The charge will be in place on 29 days between April and mid-July.

“We need to find a balance, a new balance between the tourists and residents,” said the municipal councillor for tourism, Simone Venturini.

“We need to safeguard the spaces of the resident, of course, and we need to discourage the arrival of day trippers on particular days”.

A porter waits for tourists outside the main train station in Venice next to totem's explanation for tourist entrance tax
A porter waits for tourists outside the main train station in Venice next to totem's explanation for tourist entrance taxLuca Bruno/Copyright 2024 The AP. All rights reserved

Officials have avoided calling the charge a tax and have downplayed the possibility of waits to enter the city, emphasising there will be no turnstiles or physical barriers.

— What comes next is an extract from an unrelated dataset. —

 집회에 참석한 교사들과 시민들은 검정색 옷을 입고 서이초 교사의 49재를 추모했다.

Venice has long suffered under the pressure of overtourism, but officials say pre-pandemic estimates ranging from 25 million to 30 million visitors a year are not reliable and that the pilot project also aims to come up with more exact figures.

But some locals aren’t convinced the entry fee or the associated fines will have any real impact on the city.

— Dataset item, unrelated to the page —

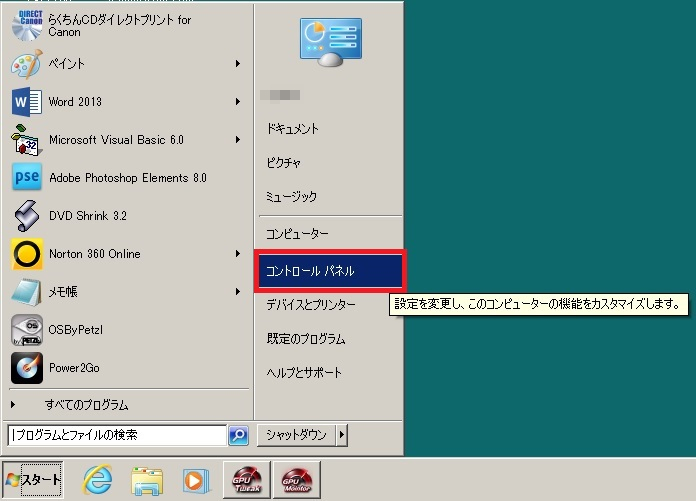 STEP2:スタートメニューの中から「コントロールパネル」をクリックする

In this city we are just increasing tourism.
Nicola Ussardi
Venice resident

“It needs to be clarified where all this income will go,” said Venice resident Nicola Ussardi. “They should repair the thousands of abandoned houses in this city. However, that’s unlikely to happen. Instead, residents keep leaving, the city is emptying out, and all we're doing is boosting tourism,” he added.

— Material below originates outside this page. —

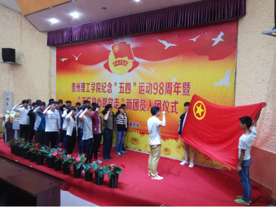 5月5日中午,贵州理工学院纪念“五四”运动98周年暨“不忘初心跟党走”入团仪式校级示范活动在逸夫学术交流中心报告厅举行。
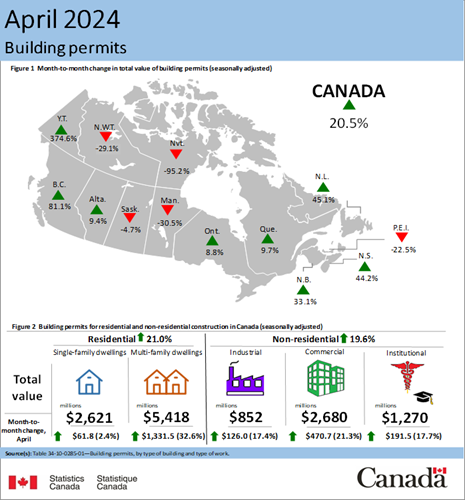 Meanwhile, the value of non-residential permits increased 19.6% to $4.8 billion in April 2024, with growth in the commercial (+21.3%; +$470.7 million), institutional (+17.7%; +$191.5 million) and industrial (+17.4%; +$126.0 million) components.

Under the pilot scheme, visitors arriving at the main train and bus stations will be met by stewards who will remind tourists of the new requirement and help anyone who hasn’t yet downloaded the QR code.

Payment points will be set up for anyone without a smartphone.

Officials have emphasised that the program aims to reduce crowds on peak days, encourage longer visits and improve the quality of life for residents.

But the charge doesn’t apply to anyone staying in Venice, including the mainland districts of Marghera and Mestre.